## Data for analysis
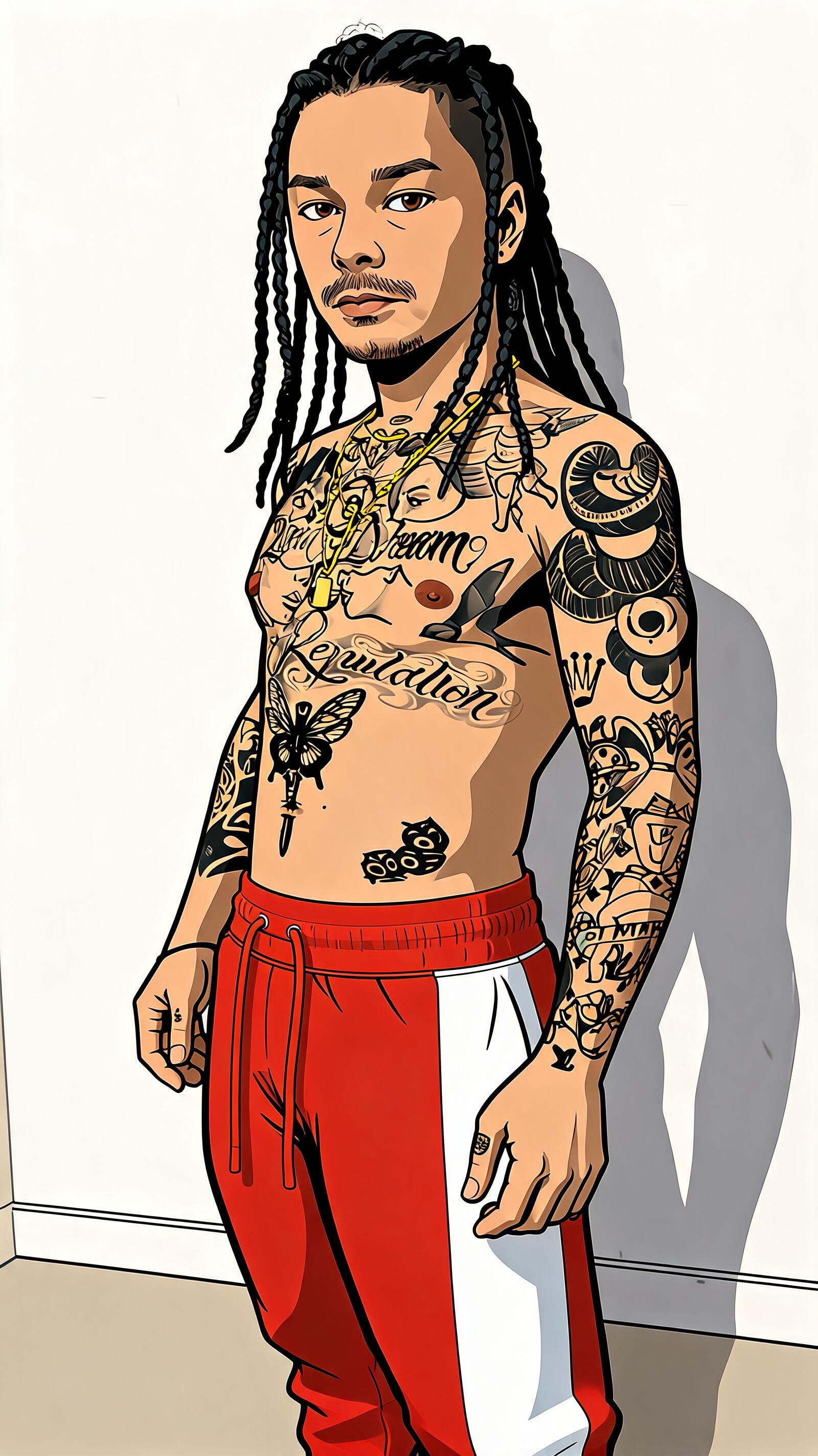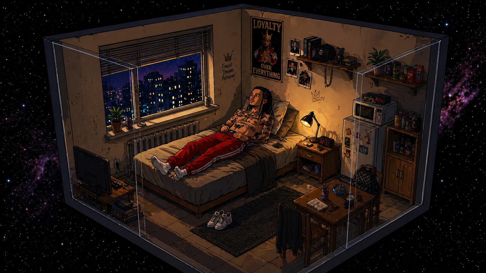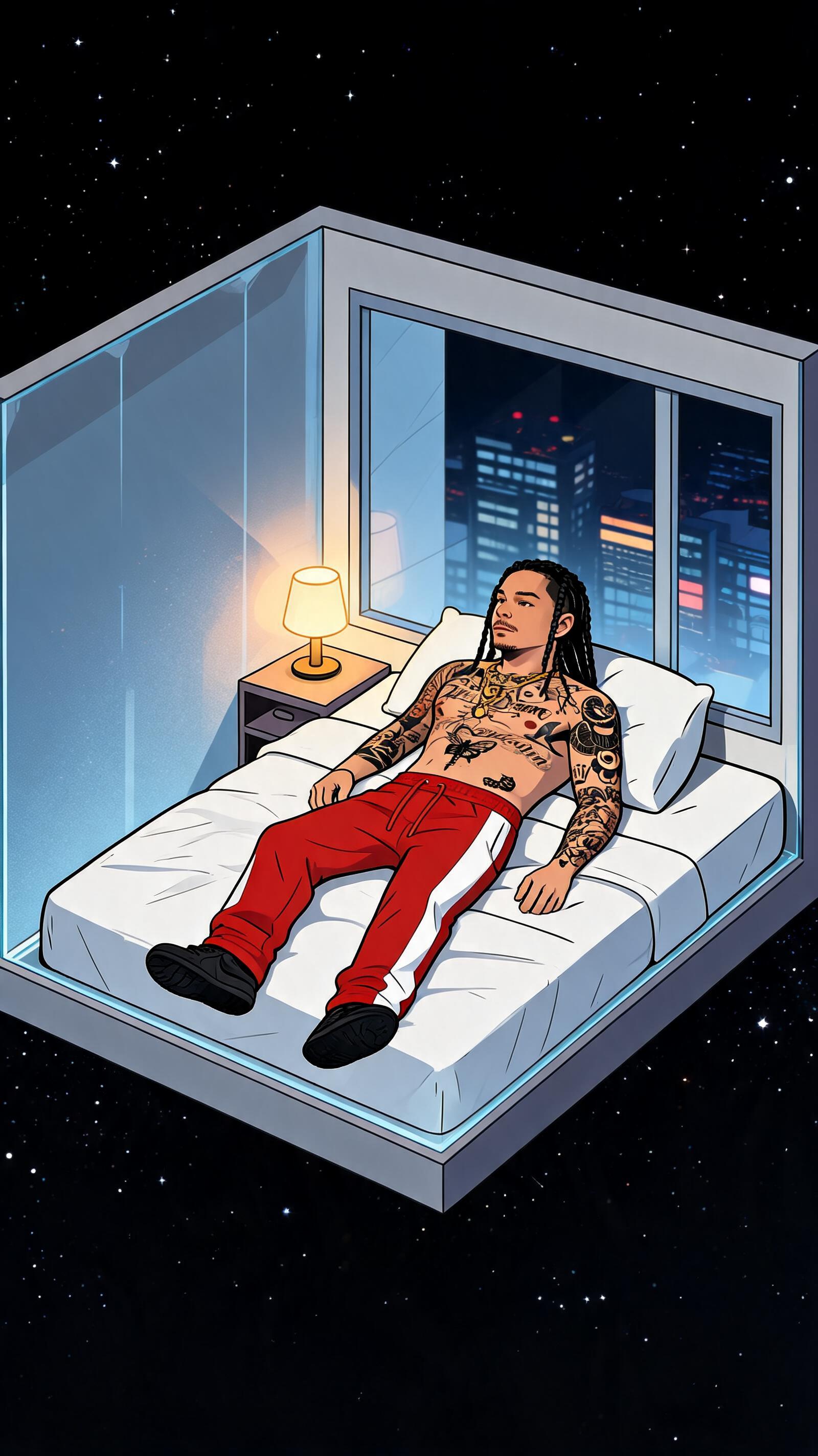 Same character from the reference image, preserving the exact face and facial features, with long black braids, identical tattoos in placement and design, and maintaining the same proportions without distortion. The scene is an isometric cutaway of a small apartment floating in deep space, with two walls partially transparent like a glass box, rendered in a clean cartoon animation style. The environment includes a simple bed with a pillow and blanket, a small bedside table with a warm lamp, a window showing stylized city lights at night, minimal furniture creating a cozy yet simple atmosphere. The character is lying on the bed in a relaxed position with arms resting naturally, looking toward the window. The style is high-quality cartoon animation featuring smooth shapes, soft shading, and simplified details, with no realistic textures, noise, or grain. The lighting inside the room is warm and soft, while the space outside features cool blue tones with soft shadows. The composition is a wide shot, fully capturing the entire room and character clearly, with a color palette that is balanced, clean, slightly vibrant, but natural.
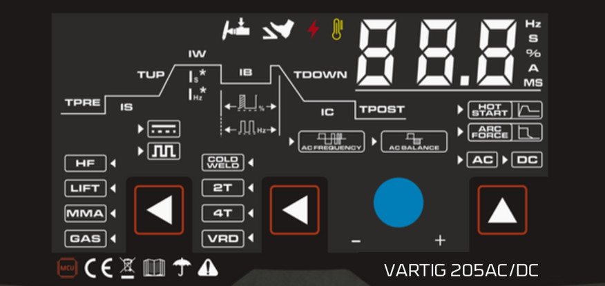 Hot-Start indítóáram beállítása, hegesztő áram beállítása, ARC-Force ívhossz szabályozás mértékének beállítása, a letapadás gátló funkció folyamatosan aktív MMA üzemmódban.
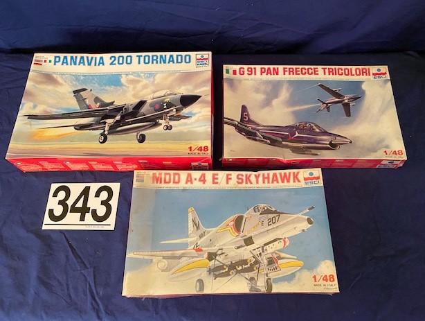 NOS. Includes MDD Skyhawk, G91 Pan Frecce, and Panavia 200 Tornado. All are 1:48 scale. Two still have overwrap. Total of 3.
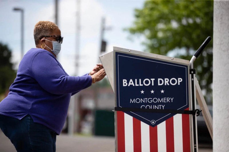 A voter drops off their mail-in ballot prior to the primary election, in Willow Grove, Pa., Wednesday, May 27, 2020. (AP Photo/Matt Rourke)
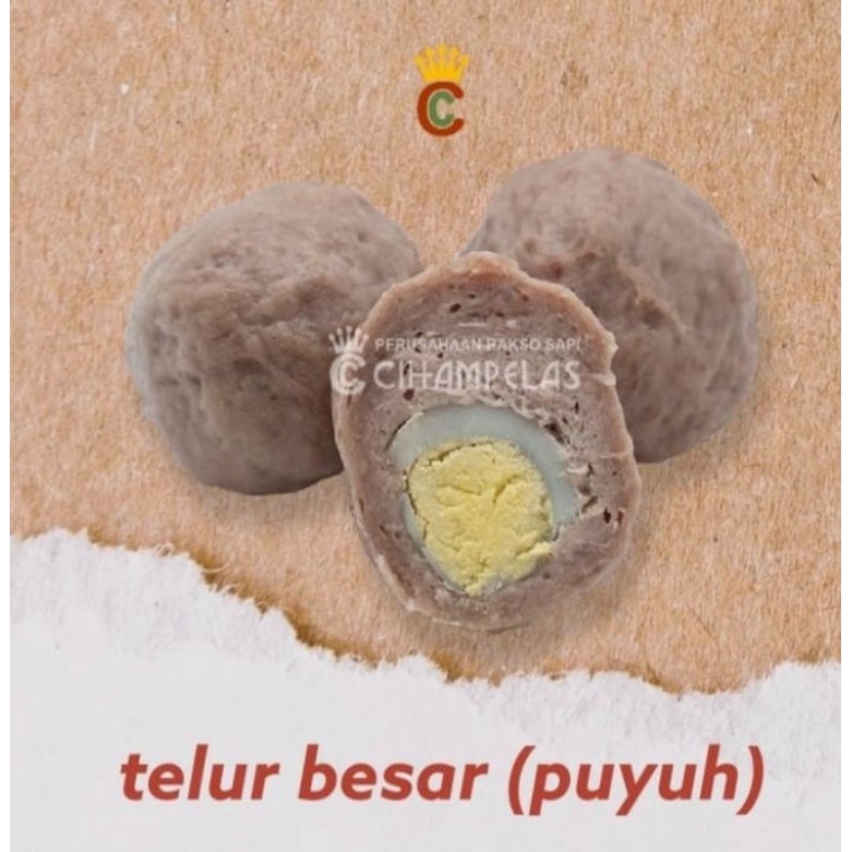Baso sapi Cihampelas varian isi telur besar adalah baso halus yg terdapat telur puyuh di dalamnya, dimana ukuranny lebih besar, terbuat dari daging sapi pilihan halal dan sehat.
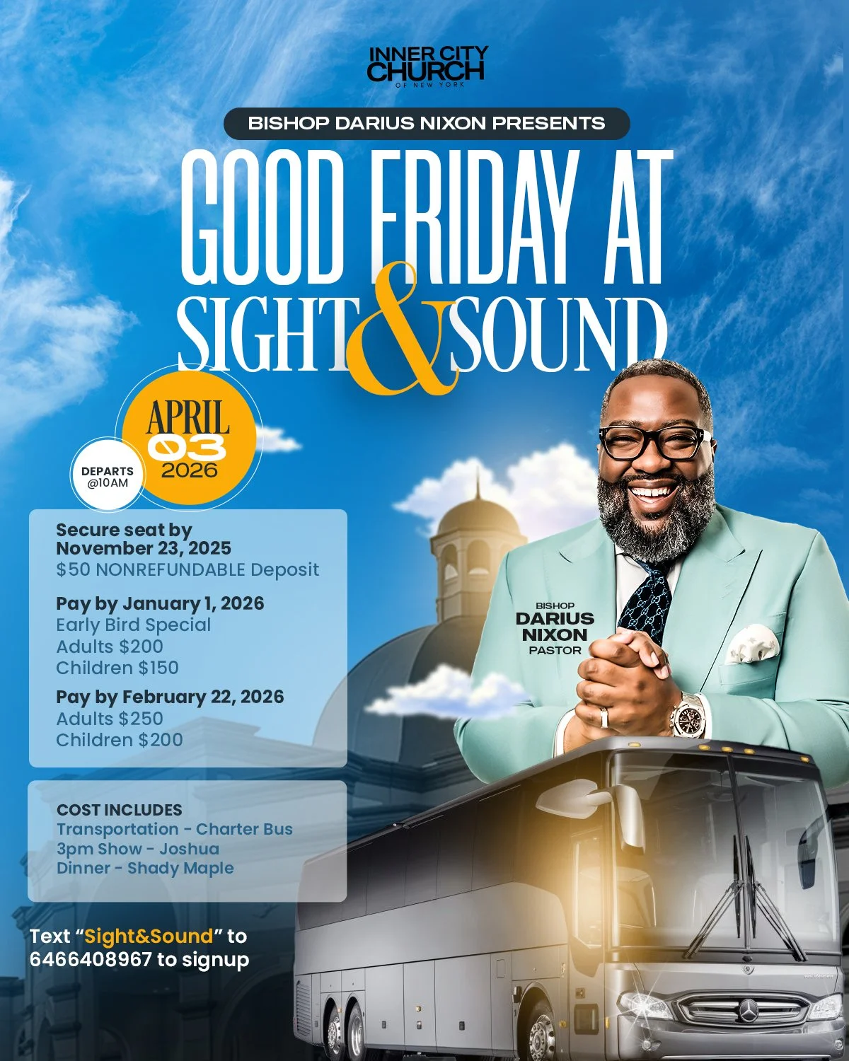 Categories: All Sight and Sound Lead Equipped Bible Talk Series All / Sight and Sound Good Friday at Sight & Sound: Deposit (Child/Adult) $50.00 Secure your seat Added! Good Friday at Sight & Sound: Adult Early Bird $200.00 Secure your seat Added! Good Friday at Sight & Sound: Child Early Bird $150.00 Secure your seat Added! Good Friday at Sight & Sound: Adult Early Bird Balance $150.00 Secure your seat Added! Good Friday at Sight & Sound: Child Early Bird Balance $100.00 Secure your seat Added!
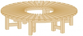 木目のはっきりした、色調もあたたかいパイン材を使っています。ドーナツ型のベンチには観葉植物もぜひ。
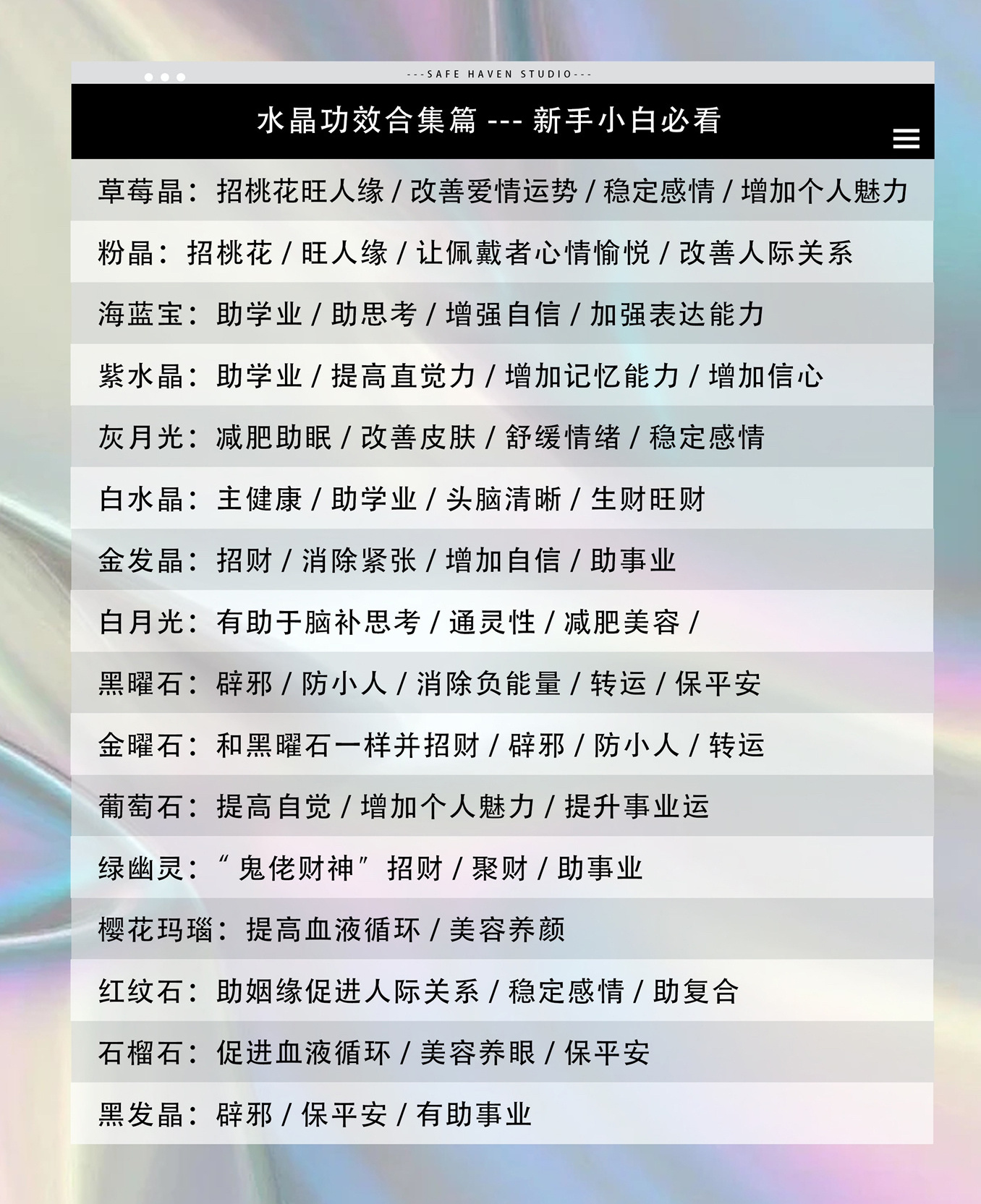 水晶的功效信则有不信则无,所有水晶的功效对于人而言都是辅助,你可以说它是能量磁场,也可以说是一种心理暗示,相信自己正在变好、转运!
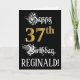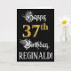 A frente deste ornamentado e design de cartão de saudação de aniversário opulente apresenta a mensagem "Feliz 37º Aniversário", juntamente com um nome de destinatário personalizado. Parte da mensagem está em um texto formal estilo script. O grande número "37º" apresenta um padrão de aparência falsa/imitado inspirado em ouro. O fundo é preto colorido. O dentro tem uma mensagem de saudação de aniversário personalizada, ou talvez possa ser apagado e deixado vazio se uma mensagem for escrita manualmente. Um cartão de cumprimentos de aniversário luxuoso e personalizado como este pode ser usado para celebrar o trinta e sete anos de alguém. [~Z0000559]
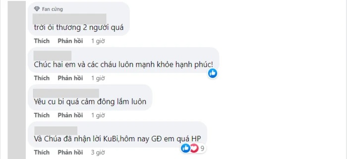 Đoạn clip này nhanh chóng nhận được sự quan tâm đặc biệt của cư dân mạng. Dưới phần bình luận, đông đảo netizen đã để lại lời khen ngợi cho tình cảm quá đỗi ngọt ngào của Kubi đối với ba mẹ. Đồng thời, dân tình cũng gửi lời chúc tốt đẹp đến với gia đình nhỏ của Khánh Thi - Phan Hiển.
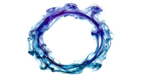 An abstract composition features a circular form created by swirling smoke. The smoke presents a gradient of blue and purple hues. The image displays high contrast against a white backdrop, enhancing the visual effect. Suitable for various design applications, this image could be used in advertising or editorial projects.
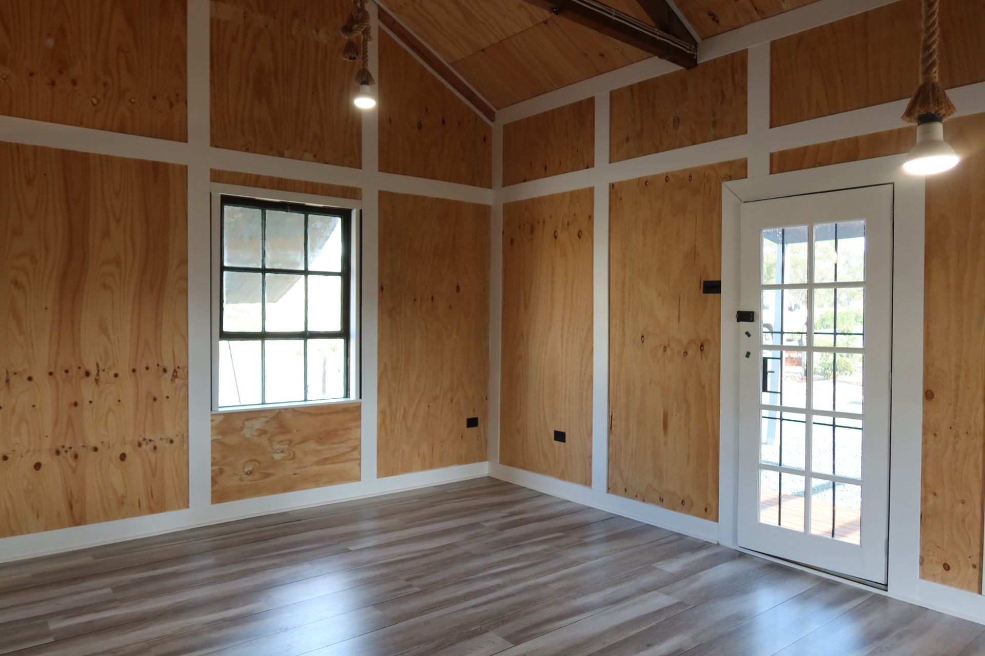 The existing structure is fully insulated and features a split system air conditioner, partitioned wall with potential connections to water from two rain water tanks.
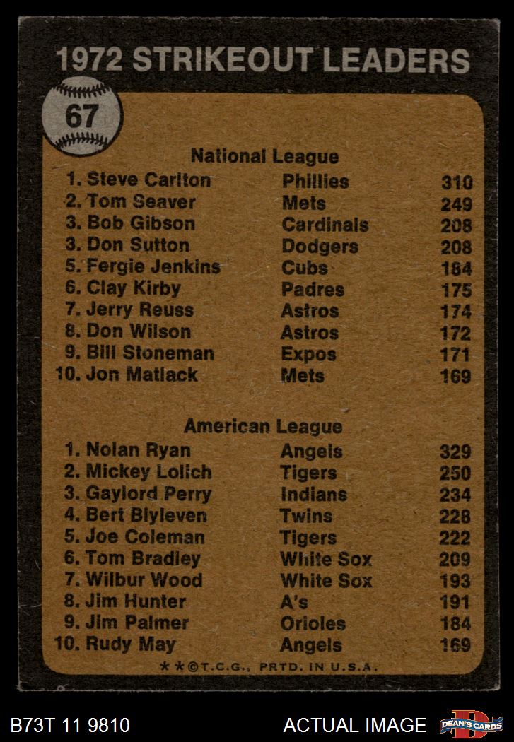 1973 Topps #67 - Steve Carlton / Nolan Ryan Strikeout Leaders 4.5 - VG/EX+
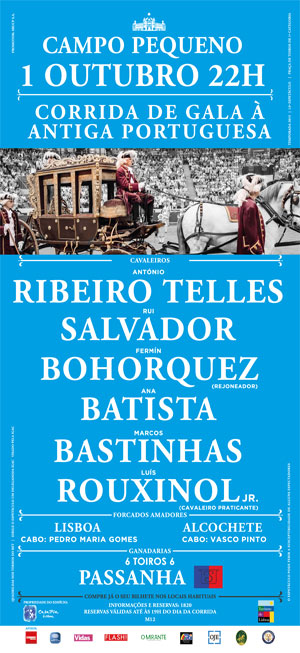 Esta corrida de touros será no próximo dia 1 de Outubro e conta com os cavaleiros António Telles, Rui Salvador, Fermin Bohorquez, Ana Batista, Marcos Bastinhas e Luis Rouxinol Jr.
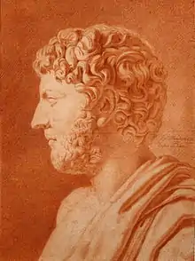 لوحة فرنسية مرسومة بالطباشير الأحمر. الخلفية نادرة نوعاً ما نظراً لتلوينها بشكل كامل
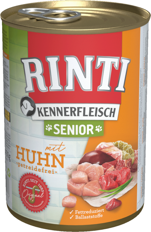 For older dogs, with reduced energy content, less protein, as well as reduced phosphorus and sodium content. High meat content: with 66% meat and offal, Rinti Kennerfleisch is rich in natural pieces of meat – and the pieces characterize the real Rinti Kenner meat. With Omega 3 fatty acids: these polyunsaturated fatty acids are used to support the defenses and cell protection. Lein oil is rich in Omega 3. With beet fibers: rich in fiber, which has a regulating effect on digestion.

## Problem statement
Please transcribe exactly the part of the records that opens with the line containing "A voter drops" and closes with the line containing "Baso sapi Cihampelas", both ends included, and leave out the pictures.

## Task answer
 A voter drops off their mail-in ballot prior to the primary election, in Willow Grove, Pa., Wednesday, May 27, 2020. (AP Photo/Matt Rourke)
Baso sapi Cihampelas varian isi telur besar adalah baso halus yg terdapat telur puyuh di dalamnya, dimana ukuranny lebih besar, terbuat dari daging sapi pilihan halal dan sehat.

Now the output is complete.